- 1977 re-release cover

Studio album by Boz Scaggs
- Released: March 1974
- Studio: Devonshire Sound Studios (North Hollywood, California)
- Genre: Soul; Philadelphia soul;
- Length: 36:35
- Label: Columbia
- Producer: Johnny Bristol

Boz Scaggs chronology
| My Time (1972) | Slow Dancer (1974) | Silk Degrees (1976) |

= Slow Dancer =

Slow Dancer is the sixth album by Boz Scaggs released by Columbia in 1974. Initially, the album was released with a cover photo of Scaggs walking alone on the beach, with the back of the album framing a head and shoulders shot of Scaggs lying on the beach. The cover photographs were taken by Annie Leibovitz. After the breakout success of 1976's Silk Degrees, Slow Dancer was re-released with a new cover showing Scaggs and a woman in fine clothing, with Scaggs bending to kiss her bosom.

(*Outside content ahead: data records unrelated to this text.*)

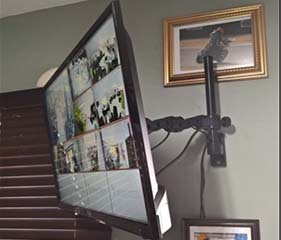 For the smaller business with multiple cameras the placement of the monitor can be a problem. Usually, with the pictures on the screen, the monitor has to be on the desk of the viewer, creating a space issue. Putting the monitor elsewhere, such as on a side desk, or book case, the pictures are hard to see.
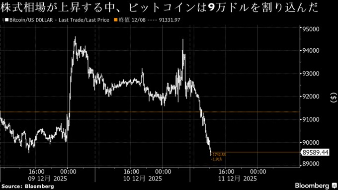 3. ビットコイン9万ドル割れ、米利下げで株高も心理改善せず
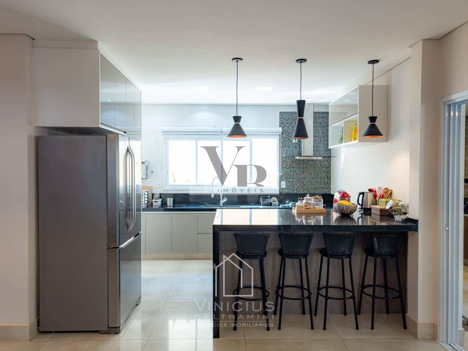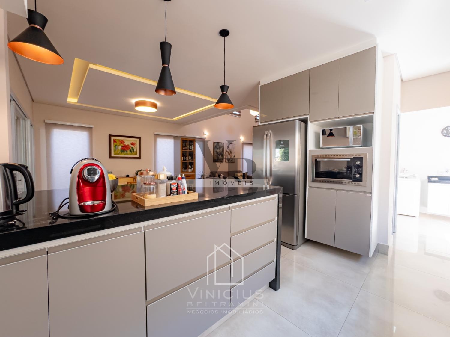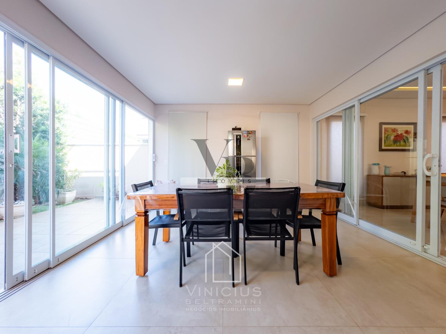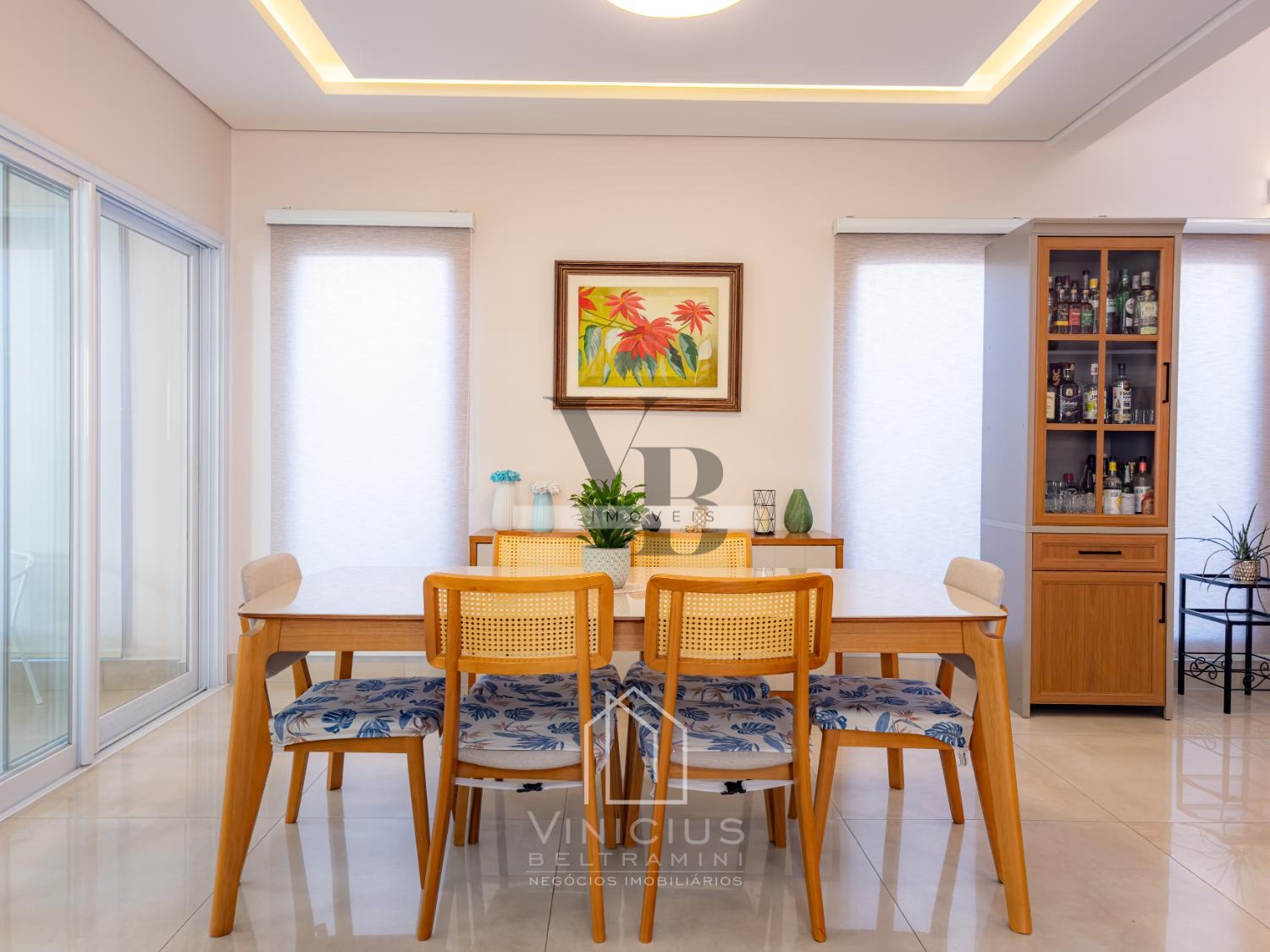No pavimento térreo, o imóvel conta com pé-direito duplo e amplo living integrado, proporcionando ambientes espaçosos e iluminados. Possui lavabo, cozinha americana equipada com ilha, cooktop, forno e coifa, além de um espaço gourmet envidraçado, integrado à cozinha e com banheiro de apoio. Dispõe ainda de despensa, lavanderia, quintal com paisagismo e acesso lateral independente. Garagem com capacidade para 6 veículos, sendo 4 vagas cobertas e 2 descobertas.

This photo was taken by Ethan Russell.

Professional ratings
Review scores
| Source | Rating |
| Allmusic | Star Half star |
| Christgau's Record Guide | B− |

==Track listing==
All tracks composed by Boz Scaggs, except where indicated

Side One
1. "You Make It So Hard (To Say No)" - 3:31
2. "Slow Dancer" (George Daly, Scaggs) - 3:13
3. "Angel Lady (Come Just In Time)" (Johnny Bristol, Jim McDonough, Scaggs) - 3:28
4. "There Is Someone Else" - 4:32
5. "Hercules" (Allen Toussaint) - 4:03

Side Two
1. "Pain of Love" (Johnny Bristol) -3:11
2. "Sail on White Moon" (Johnny Bristol) - 3:13
3. "Let It Happen" (Johnny Bristol, Scaggs) - 3:18
4. "I Got Your Number" (Johnny Bristol, Gregory Reeves) - 3:43
5. "Take It for Granted" - 4:19

==Personnel==
- Boz Scaggs – vocals, guitar
- David Cohen, David T. Walker, Dennis Coffey, Greg Poree, Jay Graydon, Wah Wah Watson, Red Rhodes – guitars
- Clarence McDonald, Jerry Peters, Joe Sample, Mike Melvoin, Russell Turner – keyboards
- James Jamerson, Jim Hughart – bass guitar
- Ernie Watts, Fred Jackson, John Kelson – saxophone
- George Bohanon, Lon Norman – trombone
- Chuck Findley, Jack H. Laubach, Paul Hubinon, Warren Roché – trumpet, flugelhorn
- Gene Estes, John Arnold – percussion, vibraphone
- Ed Greene, James Gadson – drums
- Joe Clayton, King Errison – congas
- Carolyn Willis, Julia Tillman Waters, Lorna Willard, Myrna Matthews, Pat Henderson – background vocals
- H.B. Barnum – string arrangements, conductor
- Technical
- Producer – Johnny Bristol
- Engineer – Greg Venable
- Remix – Al Schmitt
- Photography – Ethan Russell
- Artwork by Tony Lane

==Charts==

| Chart (1974–77) | Position |
|---|---|
| Australia (Kent Music Report) | 62 |
| United States (Billboard 200) | 81 |

==Certifications==

| Region | Certification | Certified units/sales |
| United States (RIAA) | Gold | 500,000^{^} |
^{^} Shipments figures based on certification alone.